Study material →
———

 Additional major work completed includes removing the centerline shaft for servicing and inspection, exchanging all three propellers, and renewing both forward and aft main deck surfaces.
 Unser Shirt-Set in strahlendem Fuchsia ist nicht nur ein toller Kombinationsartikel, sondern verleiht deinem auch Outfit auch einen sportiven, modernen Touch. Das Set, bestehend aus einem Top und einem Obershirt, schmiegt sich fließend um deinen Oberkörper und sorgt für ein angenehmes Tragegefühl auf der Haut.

———

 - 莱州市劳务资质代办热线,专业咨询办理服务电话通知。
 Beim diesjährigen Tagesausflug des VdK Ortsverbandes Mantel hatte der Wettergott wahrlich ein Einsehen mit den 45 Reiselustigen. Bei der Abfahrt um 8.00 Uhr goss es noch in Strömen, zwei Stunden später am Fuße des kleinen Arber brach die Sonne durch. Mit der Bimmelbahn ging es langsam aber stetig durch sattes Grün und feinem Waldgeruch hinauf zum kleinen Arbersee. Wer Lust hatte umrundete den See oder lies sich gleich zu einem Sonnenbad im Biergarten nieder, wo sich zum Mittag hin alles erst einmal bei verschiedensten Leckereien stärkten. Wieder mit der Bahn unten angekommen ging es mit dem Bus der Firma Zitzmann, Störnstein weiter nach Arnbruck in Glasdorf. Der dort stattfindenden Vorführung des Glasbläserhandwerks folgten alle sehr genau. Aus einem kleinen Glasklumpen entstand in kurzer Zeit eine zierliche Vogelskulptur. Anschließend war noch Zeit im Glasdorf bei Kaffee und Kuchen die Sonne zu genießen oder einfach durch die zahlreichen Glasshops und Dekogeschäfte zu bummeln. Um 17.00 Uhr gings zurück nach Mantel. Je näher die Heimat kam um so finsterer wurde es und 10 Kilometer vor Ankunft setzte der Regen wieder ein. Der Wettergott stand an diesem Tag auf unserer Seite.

———

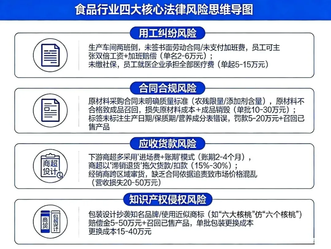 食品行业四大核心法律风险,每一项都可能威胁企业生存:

———

Exercise objective → Go back to the listing above. Copy word for word the lines from the one with "Additional major work" through the one with "Unser Shirt-Set in", and nothing more.

Your response →
 Additional major work completed includes removing the centerline shaft for servicing and inspection, exchanging all three propellers, and renewing both forward and aft main deck surfaces.
 Unser Shirt-Set in strahlendem Fuchsia ist nicht nur ein toller Kombinationsartikel, sondern verleiht deinem auch Outfit auch einen sportiven, modernen Touch. Das Set, bestehend aus einem Top und einem Obershirt, schmiegt sich fließend um deinen Oberkörper und sorgt für ein angenehmes Tragegefühl auf der Haut.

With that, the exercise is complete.